As he complied with the order, Harlan gasped, “It’s out at Joe’s place, isn’t it?”

  “Where else, goddammit!”

  Tires squealing, they thundered into Joe’s yard, and as they did so Joe bolted out his front door, hunched over and running fast, carrying a rifle like a marine gutting it up a Pork Chop Hill, dashing behind a huge cottonwood. Even before Joe reached the tree, however, Harlan was diving out of the truck, his .38 blazing in Joe’s direction. Bernabé tumbled out of his door, tripping and crashing belly first into the dirt, then he scrambled up into a squat and backpedaled frantically until his shoulder whacked against a tire, and he spun, duck-waddling hysterically toward the rear as he heard Joe return Harlan’s fire, Harlan bellowing and scrambling rearward too as a slug splintered into the other side of the truck, and, plunging around the tail of the pickup from opposite sides, the two men collided head on, each of their weapons—Harlan’s .38 and the sheriff’s rifle—discharging, though somehow missing, both of them. “You idiot!” Bernabé raged, slugging Harlan clumsily in the chest. “It’s Armijo!” Joe screamed from the tree. “He shot at me! What are you shooting at me for?” “Where is he?” Bernabé hollered. “I dunno!” Joe shouted back. “He’s over there somewhere though, he fired three times!” “Are you hurt?” “No, but no thanks to you, God damn you, Betchel, are you crazy? You point that gun at me again I’ll blow off your balls—!”

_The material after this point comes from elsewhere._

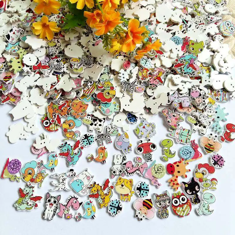50 шт. декоративные кнопки для рукоделия случайного смешивания мультяшных животных 2 отверстия для шитья, деревянные пуговицы аксессуары Кабошоны для скрапбукинга
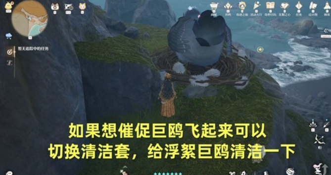 如果窝里巨鸥刚飞回来,可以切换清洁套,给巨鸥清洗一下,巨鸥就会飞起来,这时候再切换黏黏爪技能即可;

  “He … he had the gun … he was running…” Harlan blubbered, ashen-faced, about to faint.

  Joe leaped out from behind the tree and scrambled pell-mell across the open space, diving practically into their laps in the shelter of the truck.

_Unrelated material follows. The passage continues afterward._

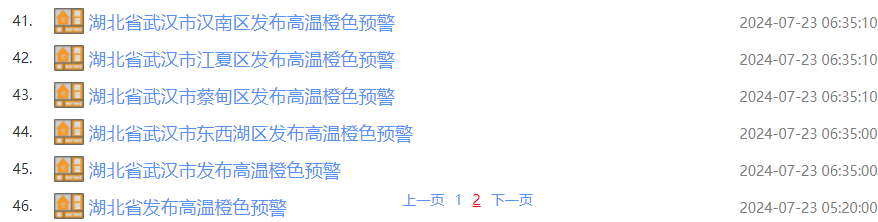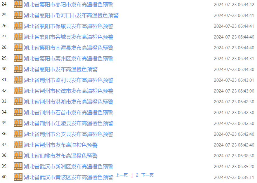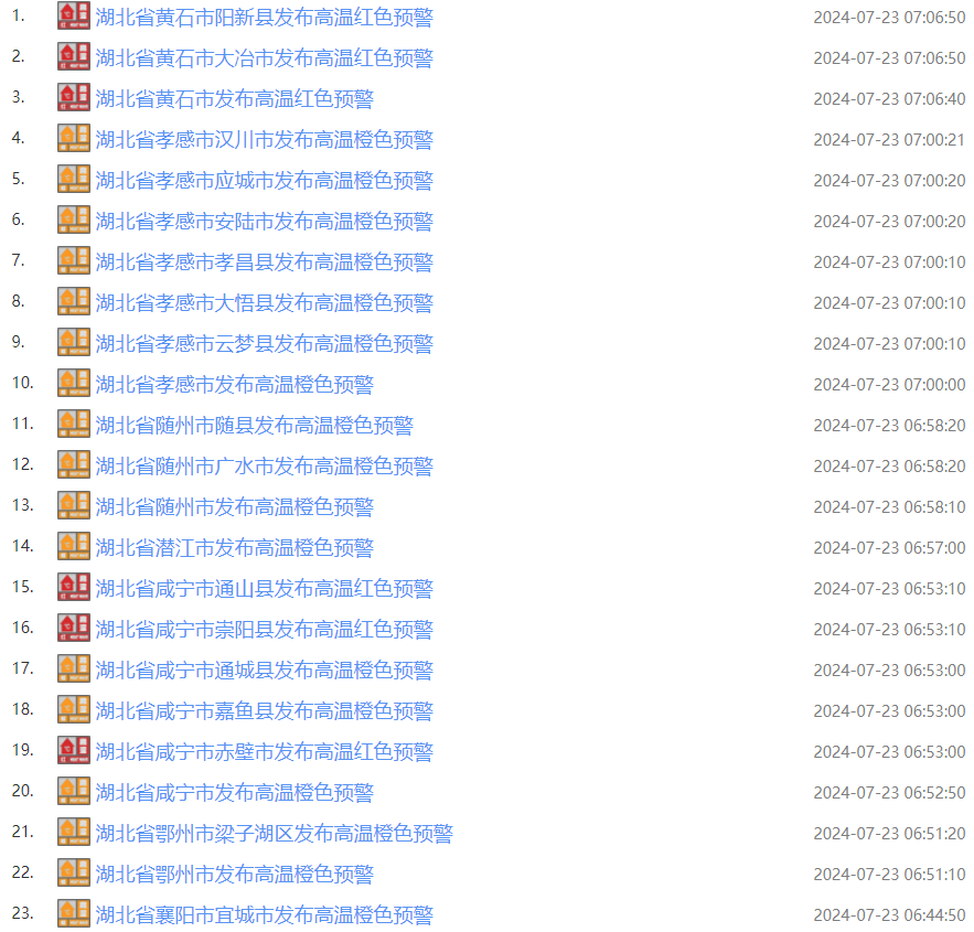 截至23日7时30分,湖北已发布46条高温预警信号。

  “I’m sorry…” Harlan stammered. “I didn’t think…”

  “What would Armijo be doing this for?” Bernabé gasped, all out of breath, his heart thundering so hard he thought his chest would explode.

  “I dunno. He shot three times,” Joe blurted. “I never even saw the bastard. I was watching TV.”

  “Where did the bullets hit?” the sheriff asked.

  “Your guess is as good as mine.” Joe crawled up front and peered around the edge of a tire. “I can’t see a fucking thing over there. Maybe he’s lying on the roof, the bastard, behind the fire wall—”

  Actually, Pancho Armijo and his wife Stella were lying on the floor beside their telephone table, Pancho with a rifle in his hands, and Stella manning the telephone.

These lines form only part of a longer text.